• Eu não nasci para embelezar teu mundo
  • Eu não nasci para embelezar teu mundo


    Hoje faz seis meses que eu não pinto as unhas. Eu, que tantas vezes já pinguei acetona no vidrinho de esmalte velho para amolecê-lo e para poder ter as unhas coloridas de vermelho-sedução, estou há seis meses sem pintar as unhas. No começo teve calafrio. Teve impulso. Teve vergonha. Teve mão fechada em posição de soco para não exibir as unhas não feitas. Teve pegar a caixa de esmaltes. E também teve largá-la.

    Teve entrevista de emprego. E eu sem as unhas pintadas. Não, não fui contratada. Talvez por isso. E se realmente foi, obrigada, prezado recrutador. Das entranhas do meu coração. Obrigada por ter me achado desleixada demais por me propor a sentar em frente a um computador durante oito horas por dia e digitar uma centena de palavras sem as unhas vermelhas e enormes e reluzentes e bem lixadas. Obrigada por ter me achado uma porca, daquelas que acordam e não penteiam o cabelo. Porque é isso mesmo. Você acertou em cheio. Na mosca. Se a sua concepção sobre higiene estiver relacionada à mulher negar a própria naturalidade e – mais do que isso – a intrínseca natureza humana, é isso que eu venho tentando ser. Cada vez mais porca.

    Yes, we have pelos no sovaco. Si, tenemos bafo pela manhã. Sim, nós transpiramos. E não que eu cultive nenhum dos três. Mas aprendi a aceitar que posso sair de casa usando saias mesmo quando as pernas não estiverem depiladas. E que você pode abaixar a calcinha mesmo se seu style for o mais completo e roots Mata Atlântica. Que eu não preciso ir ao banheiro feito uma agente secreta escovar os dentes, pentear o cabelo e passar um gloss antes do meu namorado acordar. E que você não precisa conter aquela vontade de dar um beijão de língua nele logo que abrir os olhos – se ele não se incomodar, é claro. Que eu não devo nunca me poupar de dançar até ter câimbras só porque vou ficar com uma pizza nas costas. E nem você deve se poupar de fazer o que quer que seja pra não suar o cabelo, o corpo e a alma.

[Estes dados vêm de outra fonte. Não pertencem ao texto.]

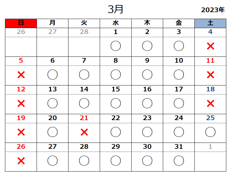 2023.02.22お知らせ 令和5年3月の開所日のお知らせ 黒〇=開所日 赤✕=閉所日 ※タスカルでは、基本「土」「日」「祝日」はお休みとさせていただきます。 また、各種お問い合わせは平日9:00~18:00にお願いいたします。 お問合せ TEL 011-717-5211 FAX 011-717-5212
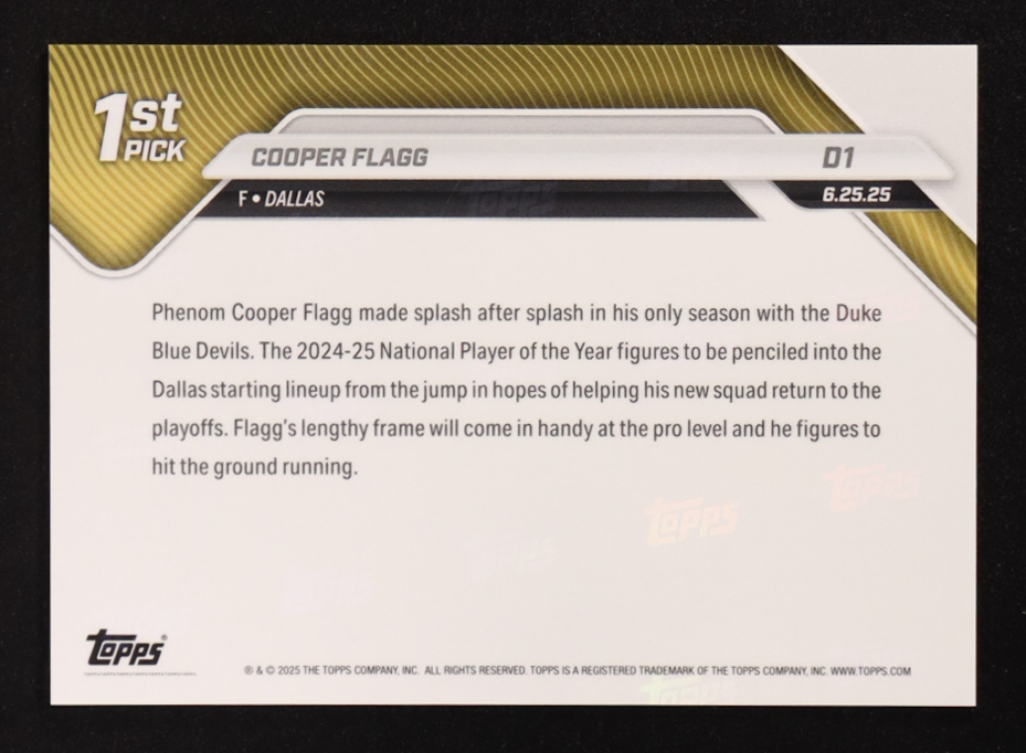 Cooper Flagg 2025-26 Topps Now #D1 RC
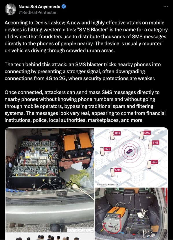 In Tech News, SMS Blaster devices, mounted on vehicles in US cities, distribute thousands of SMS messages to nearby phones by mimicking stronger signals to downgrade 4G to 2G connections, bypassing operators and spam filters. It’s a pretty clever system and a nasty vulnerability that can use messages to impersonate banks, police, or authorities without needing phone numbers.
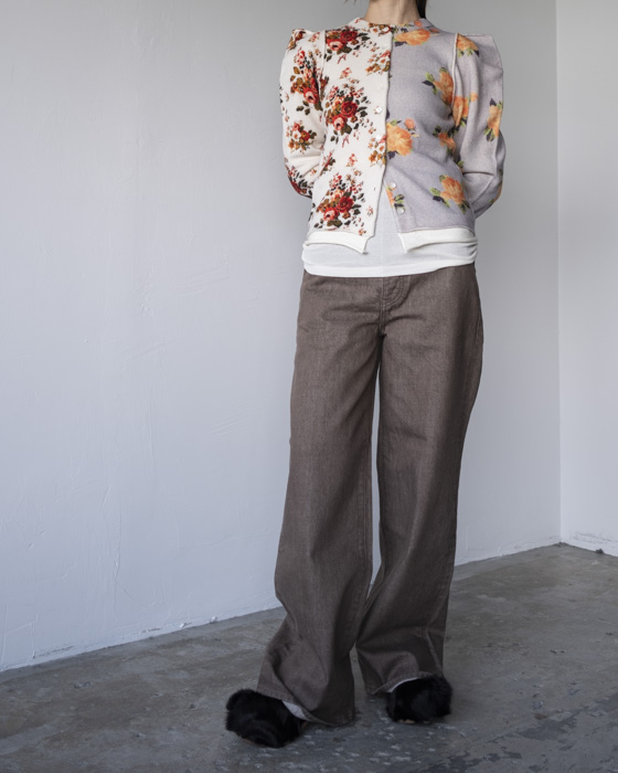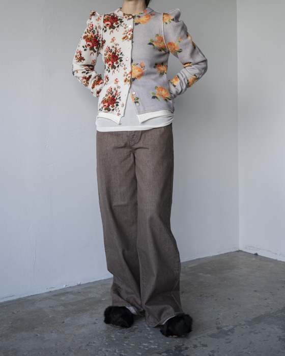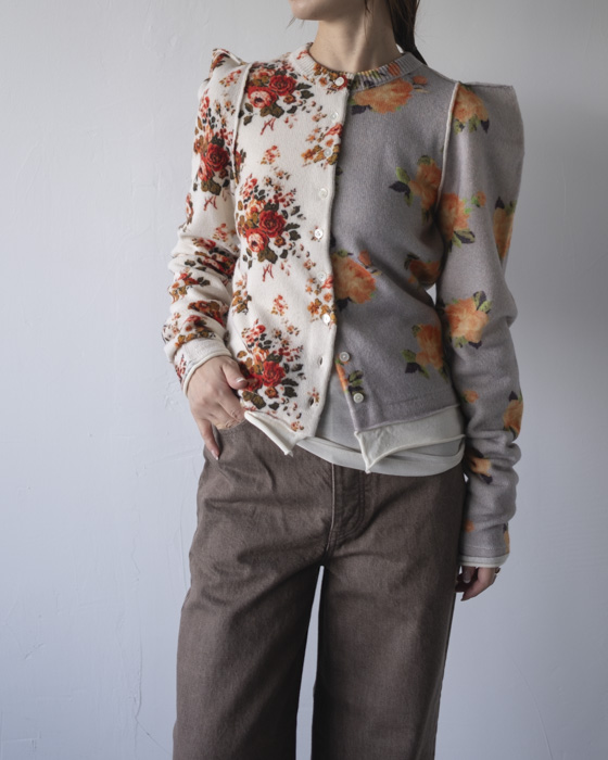 アシンメトリーなフラワープリントカーディガン。ウール100%の柔らかな素材にプリントを施し。さらに起毛加工を加えることでヴィンテージ感ある雰囲気に。
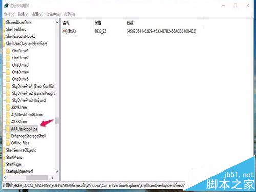 3、之后进入注册表项,注册表路径:HKEY_LOCAL_MACHINE\SOFTWARE\Microsoft\Windows\CurrentVersion\Explorer\ShellIconOverlayIdentifiers注册项:AAADesktopTips
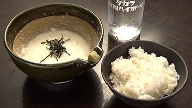 最後の〆は「とろろめし」。大和芋に醤油、塩を加えてすり鉢ですった、ふわふわのとろろをごはんにかけていただく。「はぁ、旨いなぁ……」と、ため息が漏れるきたろうさん。「粘り気があって、すごくおいしい。贅沢ですね〜」と武藤さんもうっとりだ。

    Sinto informar aos desavisados que faltaram na aula de biologia ou que simplesmente acham incrível serem machistas escrotos: mulher nenhuma tá aqui pra ser bibelô, pra enfeitar ou pra perfumar o mundo. Somos seres humanos da mais legítima espécie. E lidar com a nossa humanidade inclui sentir um cheirinho vez ou outra. Apreciar nossa pele ao natural todos os dias. E tatear – se a intimidade e o consentimento permitirem – nossos pelos. Que não são doença nem porquice. Que não são nada além de algozes construídos socialmente para infernizar a rotina de mulheres que existem para viver, pensar, construir e ser felizes.

    Dos pelos ainda não consegui desencanar. Mas da obrigação da unha impecavelmente feita e ~feminina~ eu me libertei. Pode ser que eu queira pintá-las novamente amanhã. Mas porque eu quero, e não para me sentir mais mulher. Por hoje, minha francesinha natural tá mais do que bom. É de graça, não demanda tempo e não contém níquel.